→ Work order: Only one span is wanted from the lines below: from the one with "A captivating 4K" up to and including the one with "契約一時金管理画面に設置の帳". Copy it exactly, without images.

[Source information Boundary: Start]

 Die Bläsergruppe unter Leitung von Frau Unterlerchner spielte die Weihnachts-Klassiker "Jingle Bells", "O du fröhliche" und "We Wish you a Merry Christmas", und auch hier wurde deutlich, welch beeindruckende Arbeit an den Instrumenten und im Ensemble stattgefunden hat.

[Source information Boundary: End]
[Source information Boundary: Start]

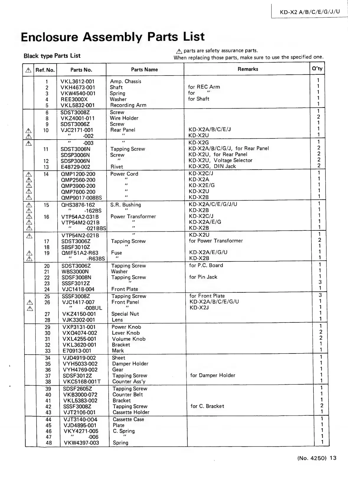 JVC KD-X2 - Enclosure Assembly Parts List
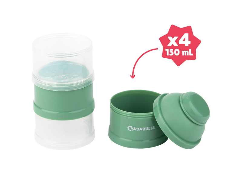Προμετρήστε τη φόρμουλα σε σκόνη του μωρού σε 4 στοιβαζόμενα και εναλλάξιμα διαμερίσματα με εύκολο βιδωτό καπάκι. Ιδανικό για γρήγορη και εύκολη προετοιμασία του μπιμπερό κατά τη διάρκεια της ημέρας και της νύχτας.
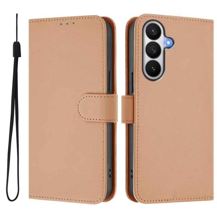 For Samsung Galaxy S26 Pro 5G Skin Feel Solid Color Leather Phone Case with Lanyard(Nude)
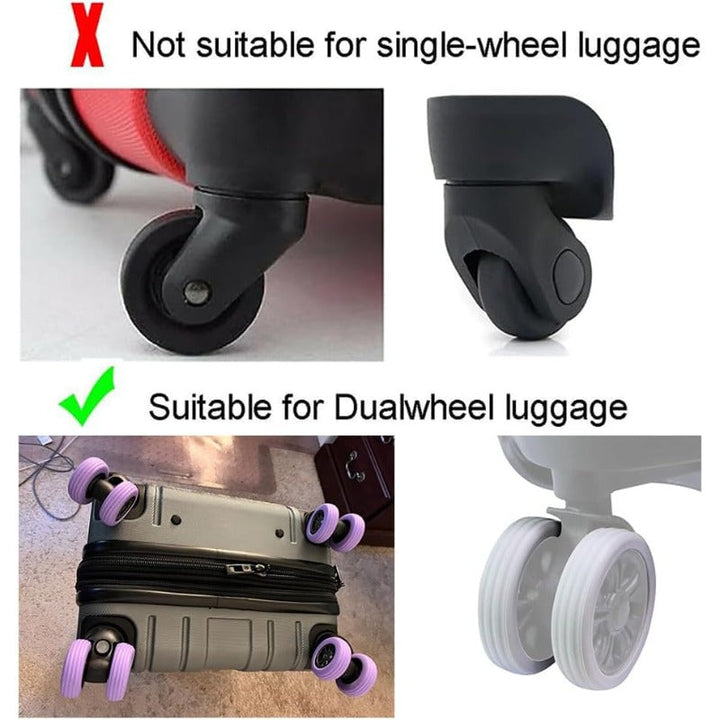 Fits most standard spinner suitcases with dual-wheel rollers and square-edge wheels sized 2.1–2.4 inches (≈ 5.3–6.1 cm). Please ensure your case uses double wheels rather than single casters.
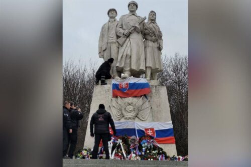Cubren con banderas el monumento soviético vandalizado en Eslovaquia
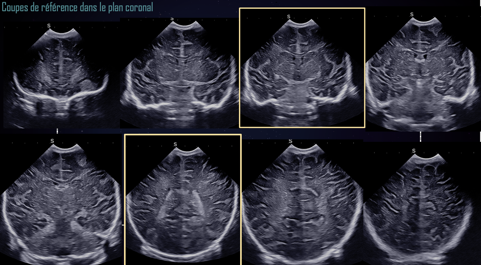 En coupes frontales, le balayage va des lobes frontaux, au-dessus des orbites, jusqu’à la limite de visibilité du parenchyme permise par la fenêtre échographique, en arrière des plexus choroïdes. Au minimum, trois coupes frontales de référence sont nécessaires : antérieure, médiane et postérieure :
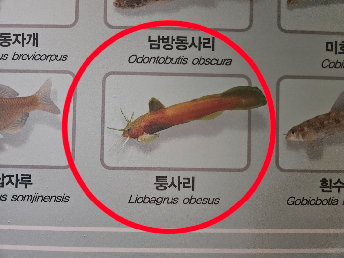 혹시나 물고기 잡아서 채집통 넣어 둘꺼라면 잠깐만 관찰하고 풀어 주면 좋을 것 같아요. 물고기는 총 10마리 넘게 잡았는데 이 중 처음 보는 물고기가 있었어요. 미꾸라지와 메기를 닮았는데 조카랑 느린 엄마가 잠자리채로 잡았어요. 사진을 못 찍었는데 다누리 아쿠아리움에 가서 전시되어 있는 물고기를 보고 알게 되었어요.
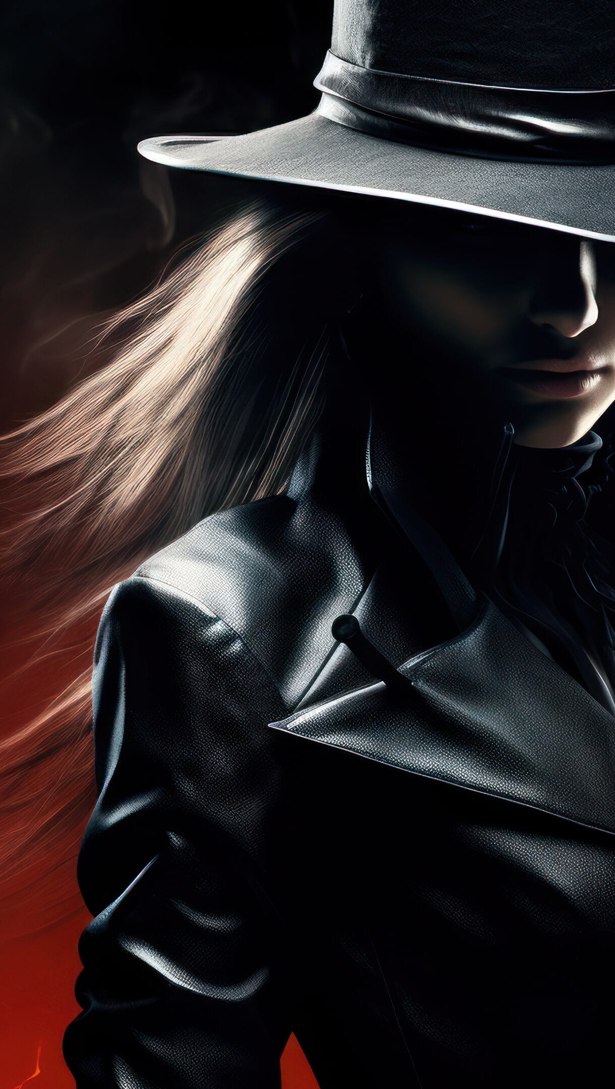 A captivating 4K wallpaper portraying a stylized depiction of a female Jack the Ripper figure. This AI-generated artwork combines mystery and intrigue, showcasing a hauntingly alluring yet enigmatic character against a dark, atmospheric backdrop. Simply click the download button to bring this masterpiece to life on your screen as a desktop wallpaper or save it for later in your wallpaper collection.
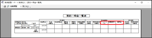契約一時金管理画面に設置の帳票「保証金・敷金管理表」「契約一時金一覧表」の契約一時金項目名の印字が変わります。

[Source information Boundary: End]
[Source information Boundary: Start]

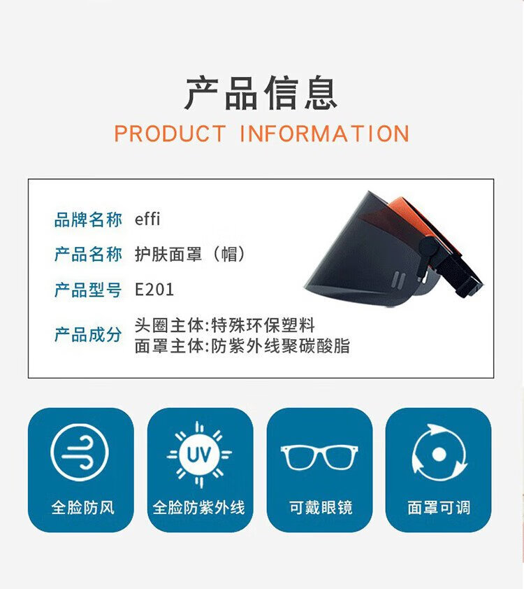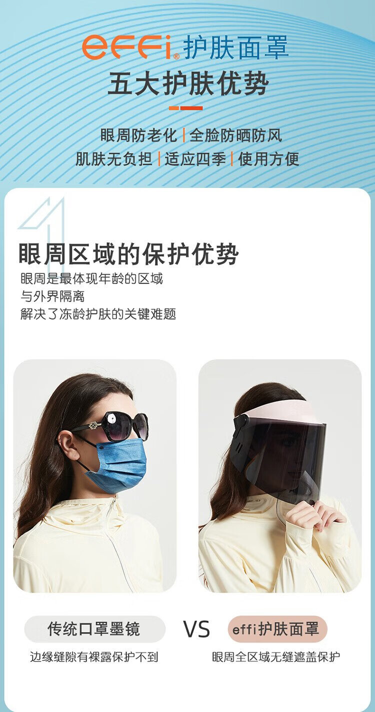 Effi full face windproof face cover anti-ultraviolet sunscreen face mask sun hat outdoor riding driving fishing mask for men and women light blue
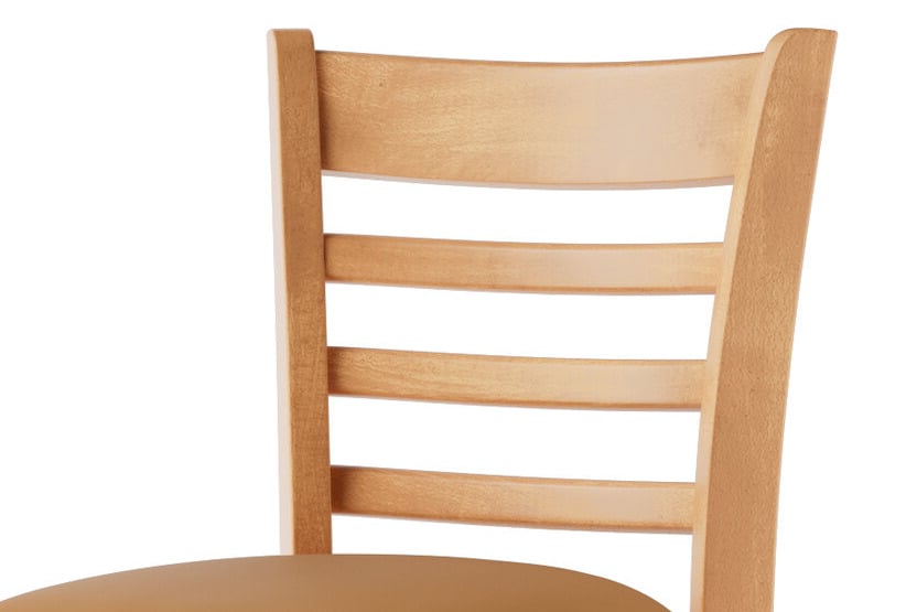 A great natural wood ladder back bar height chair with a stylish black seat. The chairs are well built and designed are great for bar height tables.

[Source information Boundary: End]

→ Result:
 A captivating 4K wallpaper portraying a stylized depiction of a female Jack the Ripper figure. This AI-generated artwork combines mystery and intrigue, showcasing a hauntingly alluring yet enigmatic character against a dark, atmospheric backdrop. Simply click the download button to bring this masterpiece to life on your screen as a desktop wallpaper or save it for later in your wallpaper collection.
契約一時金管理画面に設置の帳票「保証金・敷金管理表」「契約一時金一覧表」の契約一時金項目名の印字が変わります。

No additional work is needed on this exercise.